*PROBLEM STATEMENT*. Starting at the line below that contains "Maas uit 1700." and ending at the line that contains "Przygotowania do otwarcia", retype each line exactly as it stands, but omit the pictures.

*STORED DATA*.
┌────────

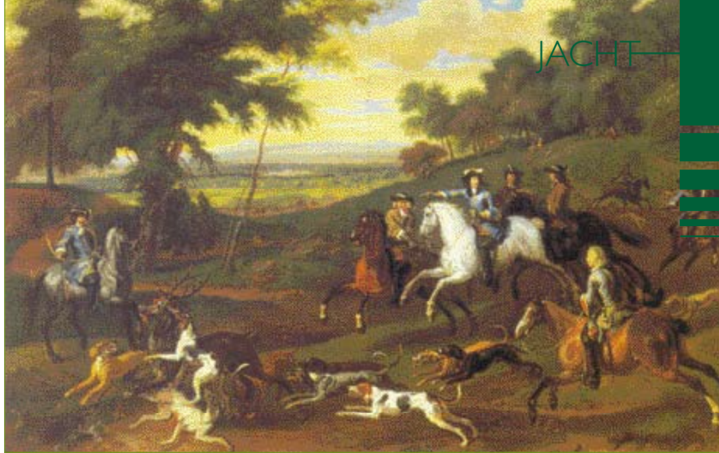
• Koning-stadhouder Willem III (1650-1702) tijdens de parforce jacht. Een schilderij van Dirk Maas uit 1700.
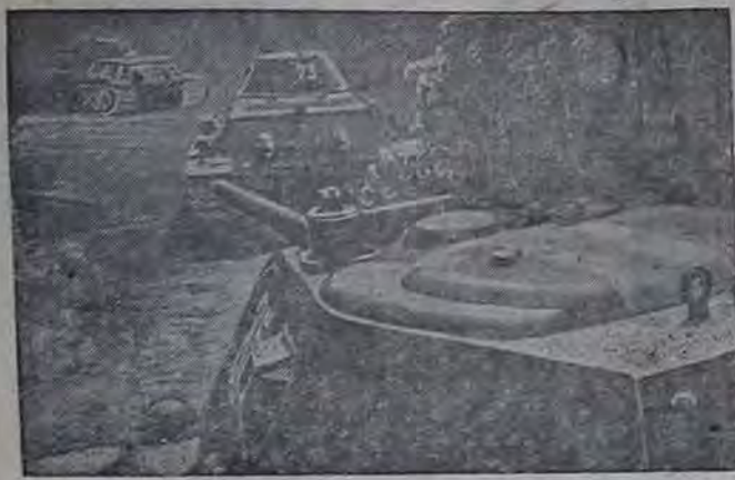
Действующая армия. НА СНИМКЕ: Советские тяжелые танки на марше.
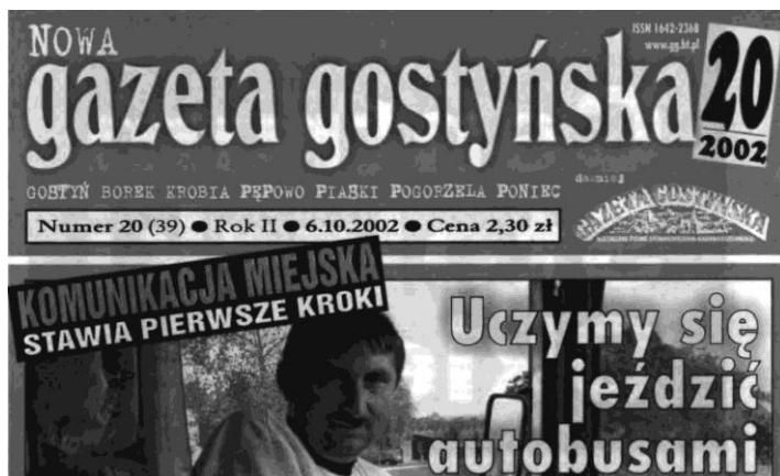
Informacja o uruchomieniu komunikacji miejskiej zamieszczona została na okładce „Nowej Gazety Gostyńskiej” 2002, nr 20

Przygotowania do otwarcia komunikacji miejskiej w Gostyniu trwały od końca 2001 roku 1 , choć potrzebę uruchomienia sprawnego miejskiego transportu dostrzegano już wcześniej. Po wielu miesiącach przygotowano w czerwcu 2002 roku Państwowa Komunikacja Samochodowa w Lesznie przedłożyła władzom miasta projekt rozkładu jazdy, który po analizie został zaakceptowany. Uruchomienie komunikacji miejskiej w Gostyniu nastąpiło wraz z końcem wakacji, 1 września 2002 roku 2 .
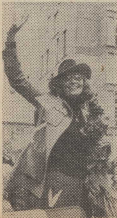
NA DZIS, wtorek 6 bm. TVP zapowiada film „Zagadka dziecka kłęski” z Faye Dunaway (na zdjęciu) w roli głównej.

└────────
┌────────

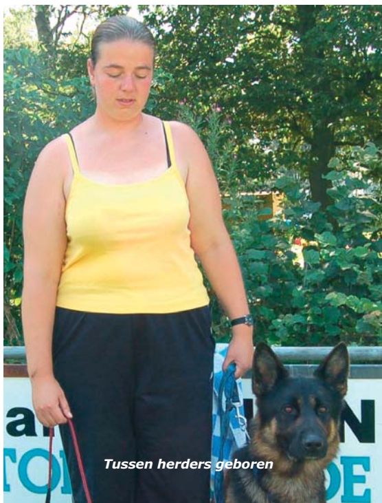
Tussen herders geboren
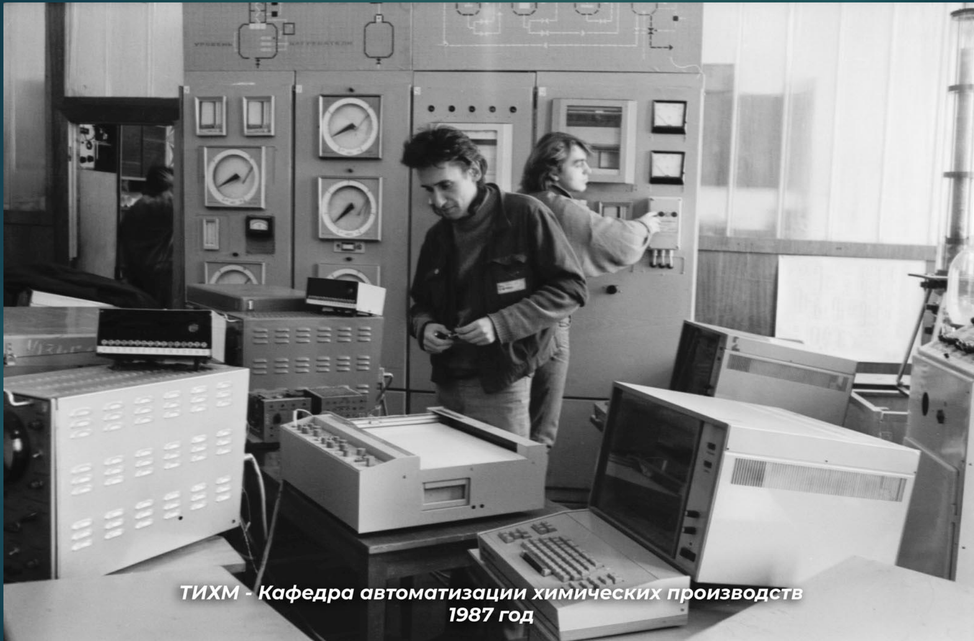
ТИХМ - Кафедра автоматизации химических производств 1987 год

└────────

*RESULT FOR THIS TASK*.
• Koning-stadhouder Willem III (1650-1702) tijdens de parforce jacht. Een schilderij van Dirk Maas uit 1700.
Действующая армия. НА СНИМКЕ: Советские тяжелые танки на марше.
Informacja o uruchomieniu komunikacji miejskiej zamieszczona została na okładce „Nowej Gazety Gostyńskiej” 2002, nr 20

Przygotowania do otwarcia komunikacji miejskiej w Gostyniu trwały od końca 2001 roku 1 , choć potrzebę uruchomienia sprawnego miejskiego transportu dostrzegano już wcześniej. Po wielu miesiącach przygotowano w czerwcu 2002 roku Państwowa Komunikacja Samochodowa w Lesznie przedłożyła władzom miasta projekt rozkładu jazdy, który po analizie został zaakceptowany. Uruchomienie komunikacji miejskiej w Gostyniu nastąpiło wraz z końcem wakacji, 1 września 2002 roku 2 .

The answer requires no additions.